**Given entries**
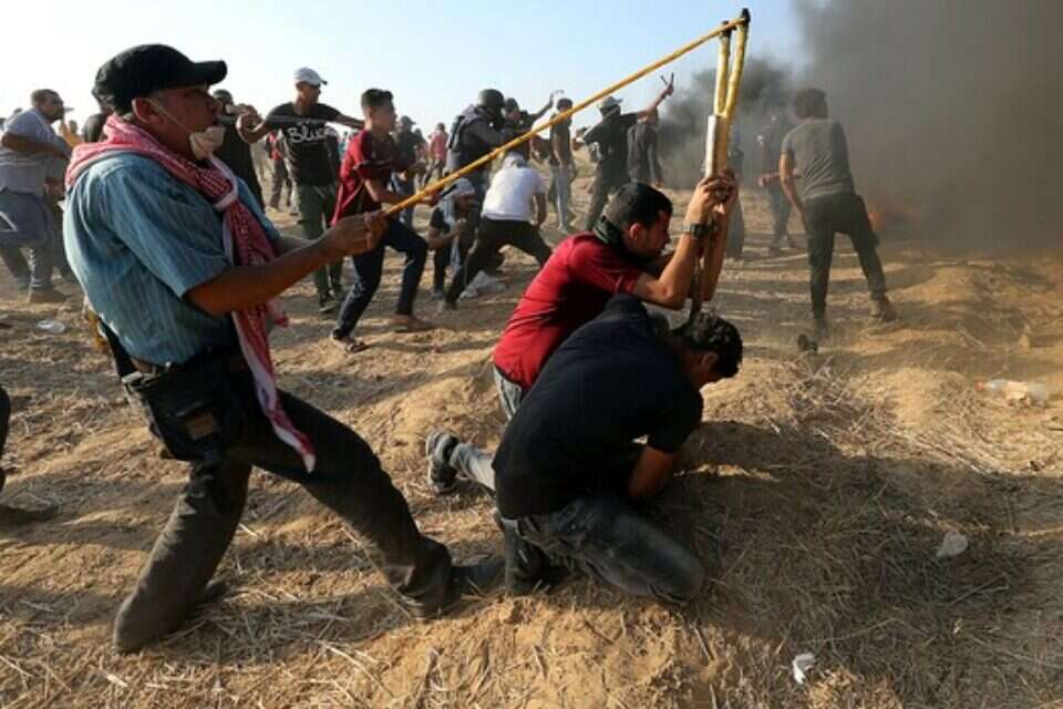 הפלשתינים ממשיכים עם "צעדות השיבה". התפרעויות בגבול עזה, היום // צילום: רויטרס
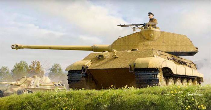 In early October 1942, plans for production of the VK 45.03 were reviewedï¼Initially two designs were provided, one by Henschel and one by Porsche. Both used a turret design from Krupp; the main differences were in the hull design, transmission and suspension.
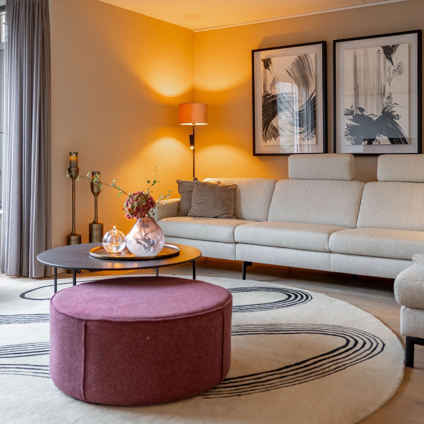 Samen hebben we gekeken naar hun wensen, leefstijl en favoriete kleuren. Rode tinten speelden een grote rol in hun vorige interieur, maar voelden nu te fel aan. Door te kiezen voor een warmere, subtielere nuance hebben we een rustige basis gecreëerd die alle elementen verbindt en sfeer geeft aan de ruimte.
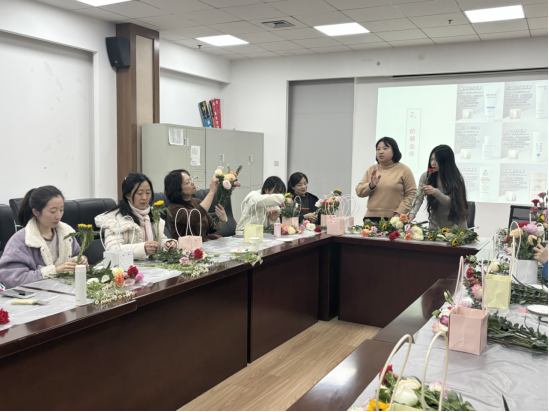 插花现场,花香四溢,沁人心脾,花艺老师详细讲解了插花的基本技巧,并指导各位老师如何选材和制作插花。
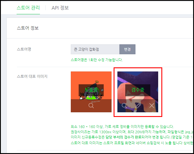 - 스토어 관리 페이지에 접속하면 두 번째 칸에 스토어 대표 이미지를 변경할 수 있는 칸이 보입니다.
==
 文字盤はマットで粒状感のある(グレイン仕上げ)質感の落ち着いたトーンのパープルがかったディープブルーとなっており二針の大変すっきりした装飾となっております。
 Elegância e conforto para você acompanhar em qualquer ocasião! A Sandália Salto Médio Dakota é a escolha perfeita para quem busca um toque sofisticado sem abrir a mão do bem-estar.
...
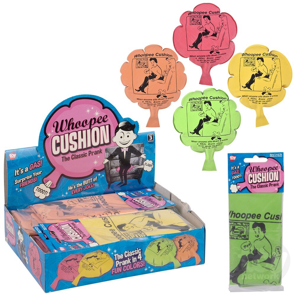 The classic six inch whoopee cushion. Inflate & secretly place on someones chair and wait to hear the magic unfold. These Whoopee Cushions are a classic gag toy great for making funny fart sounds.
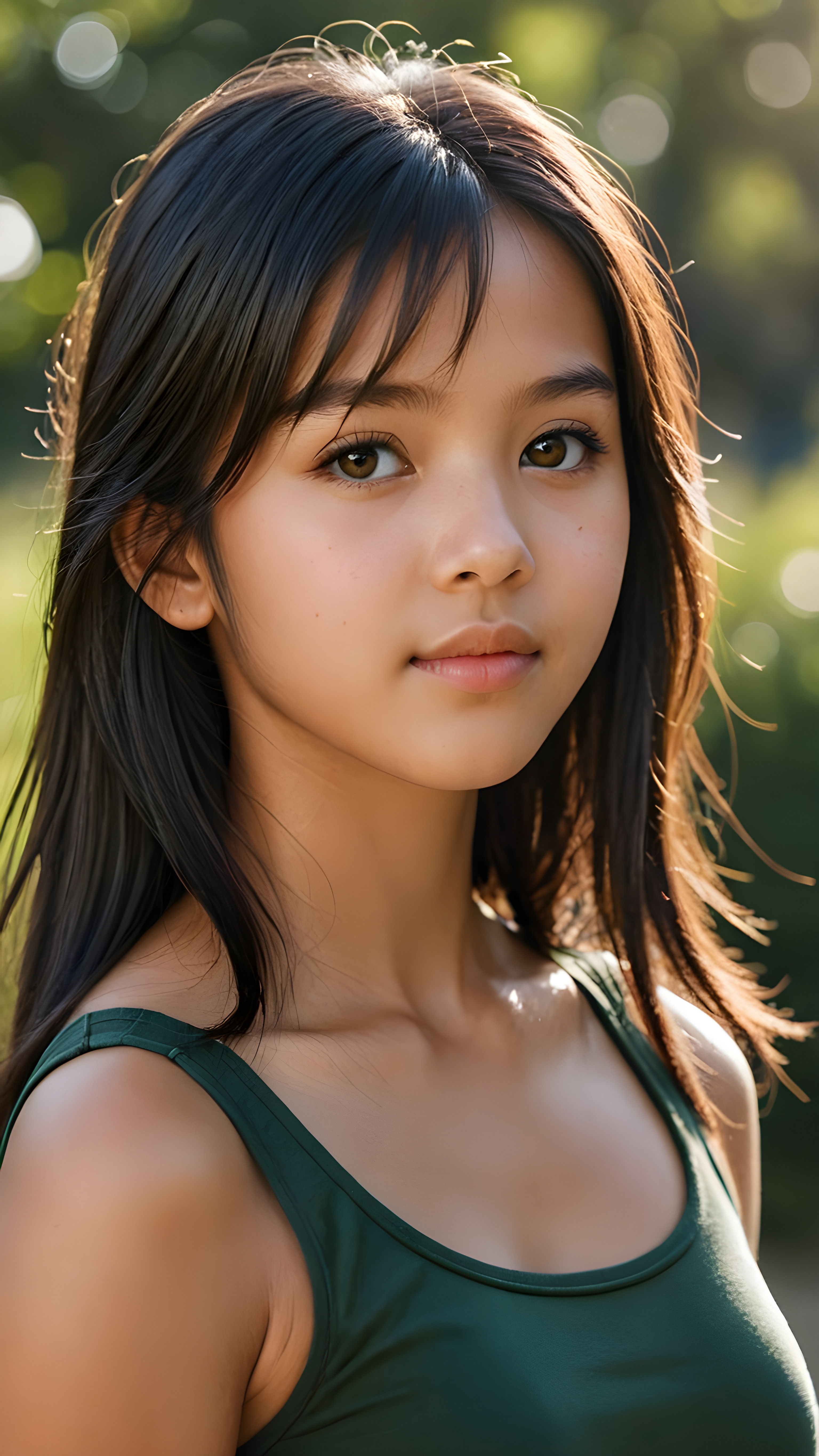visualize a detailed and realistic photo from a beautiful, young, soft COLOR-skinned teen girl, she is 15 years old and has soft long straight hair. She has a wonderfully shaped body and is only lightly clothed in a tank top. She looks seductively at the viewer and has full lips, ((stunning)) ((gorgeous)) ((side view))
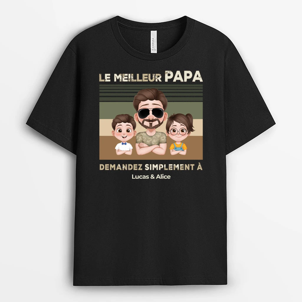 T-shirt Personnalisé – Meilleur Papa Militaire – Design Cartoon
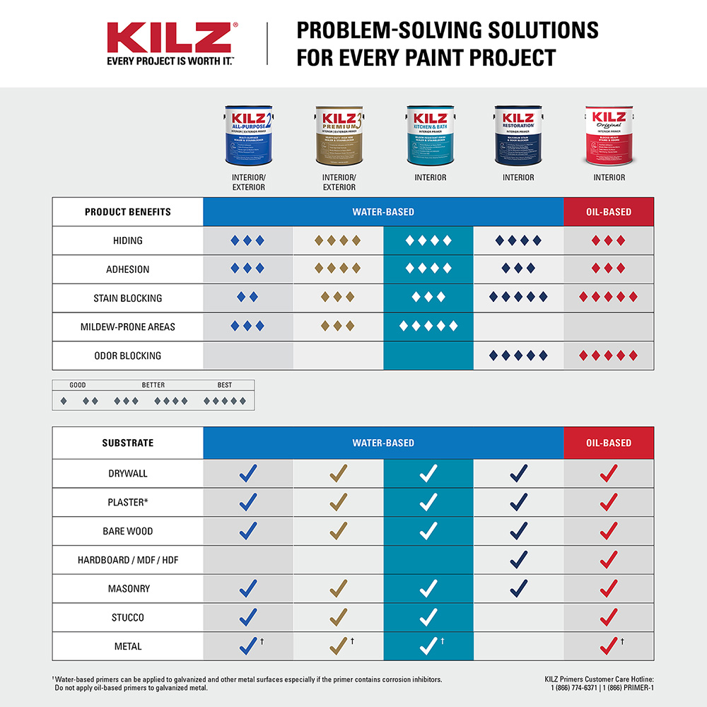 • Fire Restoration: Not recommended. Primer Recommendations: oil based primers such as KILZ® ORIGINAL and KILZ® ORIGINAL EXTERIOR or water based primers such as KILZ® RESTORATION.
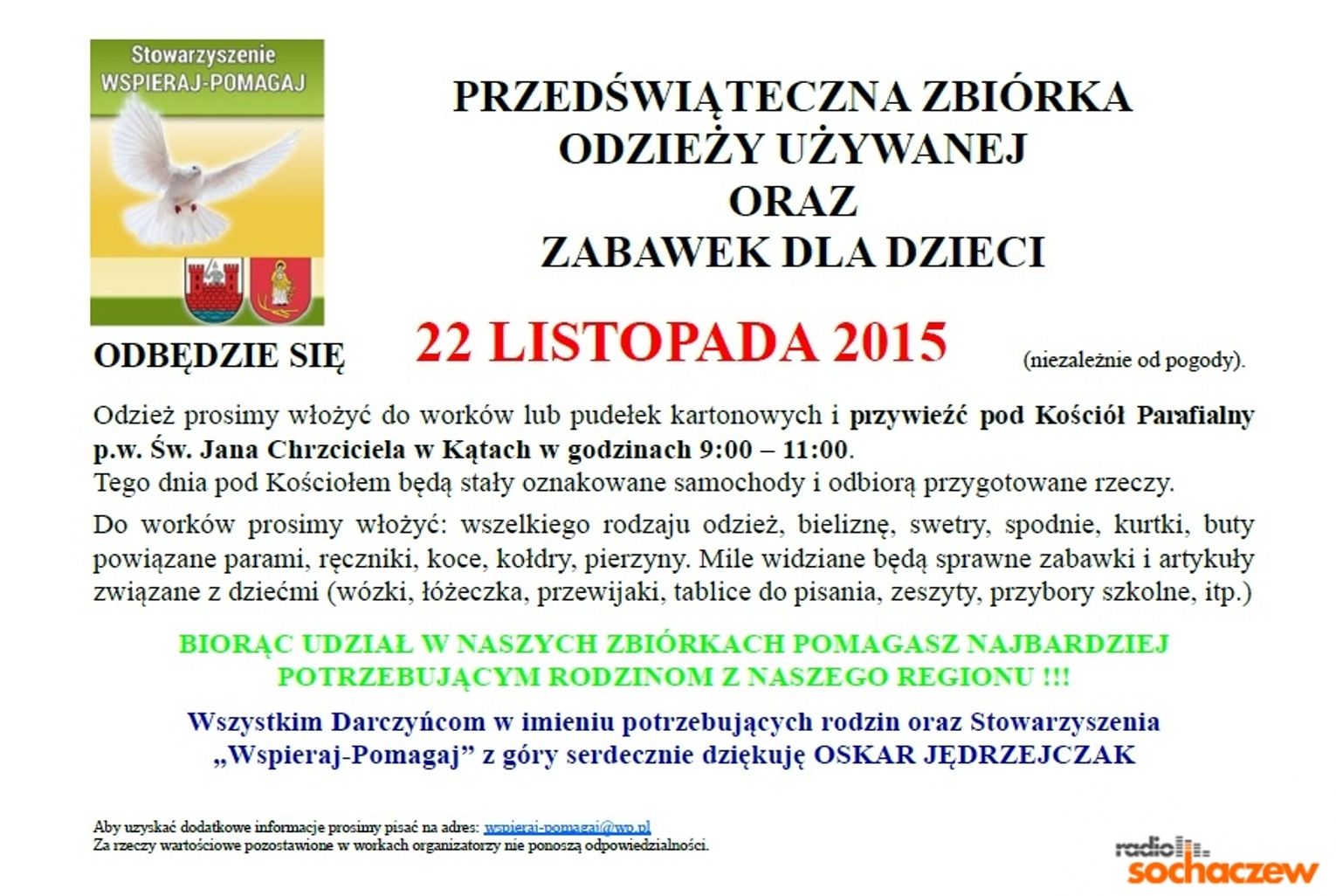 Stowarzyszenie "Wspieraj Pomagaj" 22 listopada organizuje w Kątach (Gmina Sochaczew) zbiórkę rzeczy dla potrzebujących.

**Exercise aim**
Look above for the line containing "as KILZ® RESTORATION." and the line containing "rzeczy dla potrzebujących.", then reproduce both and everything between them exactly, pictures omitted.

**Exercise output**
 • Fire Restoration: Not recommended. Primer Recommendations: oil based primers such as KILZ® ORIGINAL and KILZ® ORIGINAL EXTERIOR or water based primers such as KILZ® RESTORATION.
 Stowarzyszenie "Wspieraj Pomagaj" 22 listopada organizuje w Kątach (Gmina Sochaczew) zbiórkę rzeczy dla potrzebujących.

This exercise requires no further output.